= Composite Bézier curve =

Geometric shape

Béziergon – The red béziergon passes through the blue vertices, the green points are control points that determine the shape of the connecting Bézier curves

In geometric modelling and in computer graphics, a composite Bézier curve or Bezier spline is a spline made out of Bézier curves that is at least $C^0$ continuous. In other words, a composite Bézier curve is a series of Bézier curves joined end to end where the last point of one curve coincides with the starting point of the next curve. Depending on the application, additional smoothness requirements (such as $C^1$ or $C^2$ continuity) may be added.

Perhaps the most common use of composite Béziers is to describe the outline of each letter in a PostScript or PDF file. Such outlines are composed of one béziergon for open letters, or multiple béziergons for closed letters. Modern vector graphics and computer font systems like PostScript, Asymptote, Metafont, OpenType, and SVG use composite Bézier curves composed of cubic Bézier curves (3rd order curves) for drawing curved shapes.

==Terminology==

Sinc function approximated using a smooth Bézier spline, i.e., a series of smoothly-joined Bézier curves

A continuous composite Bézier is also called a polybézier, by similarity to polyline, but whereas in polylines the points are connected by straight lines, in a polybézier the points are connected by Bézier curves. A béziergon (also called bézigon) is a closed path composed of Bézier curves. It is similar to a polygon in that it connects a set of vertices by lines, but whereas in polygons the vertices are connected by straight lines, in a béziergon the vertices are connected by Bézier curves. Some authors even call a $C^0$ composite Bézier curve a "Bézier spline"; the latter term is however used by other authors as a synonym for the (non-composite) Bézier curve, and they add "composite" in front of "Bézier spline" to denote the composite case.

==Smooth joining==
A commonly desired property of splines is for them to join their individual curves together with a specified level of parametric or geometric continuity. While individual curves in the spline are fully $C^\infin$ continuous within their own interval, there is always some amount of discontinuity where different curves meet.

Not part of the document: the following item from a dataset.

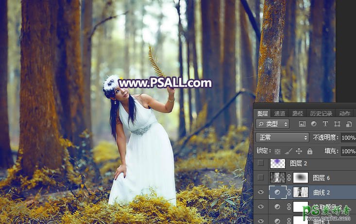 Photoshop给森系婚纱美女艺术照调出柔和的暖色逆光效果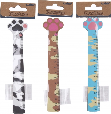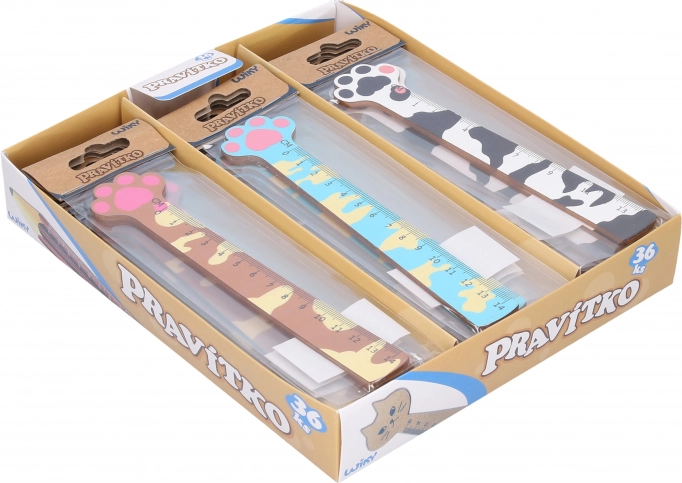 Holzlineal mit Katzenpfoten-Motiv ist ein praktisches Zubehör für Schulkinder und Katzenliebhaber. Dank der kompakten Größe passt es leicht in Federmäppchen oder Schultasche.

The Bézier spline is fairly unique in that it's one of the few splines that doesn't guarantee any higher degree of continuity than $C^0$. It is, however, possible to arrange control points to guarantee various levels of continuity across joins, though this can come at a loss of local control if the constraint is too strict for the given degree of the Bézier spline.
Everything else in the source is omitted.